A data streamer is associated with a specific cache and provides an interface for streaming data into the cache.

In a typical scenario, you obtain a data streamer and use one of its methods to stream data into the cache, and Ignite takes care of the rest.

You can obtain the data streamer for a specific cache as follows:

// Get the data streamer reference and stream data.
try (IgniteDataStreamer<Integer, String> stmr = ignite.dataStreamer("myCache")) {
    // Stream entries.
    for (int i = 0; i < 100000; i++)
        stmr.addData(i, Integer.toString(i));
}
System.out.println("dataStreamerExample output:" + cache.get(99999));

In the Java version of Ignite, a data streamer is an implementation of the IgniteDataStreamer interface. IgniteDataStreamer provides a number of addData(…​) methods for adding key-value pairs to caches. Refer to the IgniteDataStreamer javadoc for the complete list of methods.

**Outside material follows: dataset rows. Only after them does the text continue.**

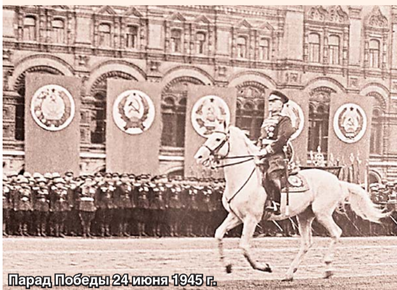
Парад Победы 24 июня 1945 г.

Весьма знаменательно, что именно в День памяти великомученика Георгия Победоносца, в Светлое Христово Воскресенье, 6 мая 1945 года, капитулировала фашистская Германия.
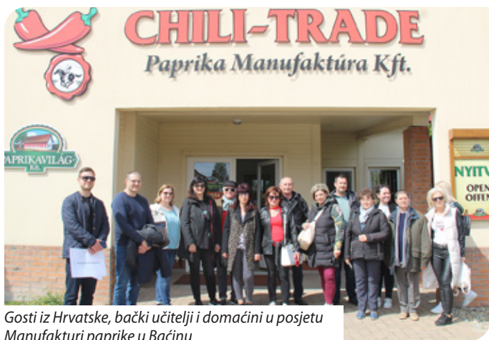
Gosti iz Hrvatske, bački učitelji i domaćini u posjetu Manufakturi paprike u Bačinu
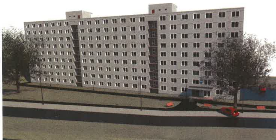
Obr. 1 Vizualizace BIM modelu areálu kolejí VUT v Brně, blok A05

Ústav geodézie Fakulty stavební VUT v Brně se věnuje informačnímu modelování od roku 2013. Zejména v rámci aktivit výzkumného centra AdMaS a projektu TA ČR Centra kompetence TE02000077 „Inteligentní regiony – Informační modelování budov a sídel, technologie a infrastruktura pro udržitelný rozvoj“ měli pracovníci ústavu možnost realizovat několik informačních modelů budov nebo města, zúčastnit se několika zahraničních akcí v oblasti BIM a rozvíjet aktivity v rámci výzkumných činností.

using (var stmr = ignite.GetDataStreamer<int, string>("myCache"))
{
    for (var i = 0; i < 1000; i++)
        stmr.AddData(i, i.ToString());
}
This API is not presently available for C++.

The streamer can accept data to load by multiple threads.

A good use of streaming is data preloading.

Limitations

DataStreamer doesn’t guarantee:

  • By default, data consistency until successfully finished;

  • Immediate data loading. Data can be kept for a while before loading;

  • Data order. Data records may be loaded into a cache in a different order compared to load into the streamer;

  • By default, working with external storages.

If 'allowOverwrite' property is 'false' (default), consider:

  • You should not have the same keys repeating in the data being streamed;

  • Streamer cancelation or streamer node failure can cause data inconsistency;

  • If loading into a persistent cache, concurrently created snapshot may contain inconsistent data and might not be restored entirely.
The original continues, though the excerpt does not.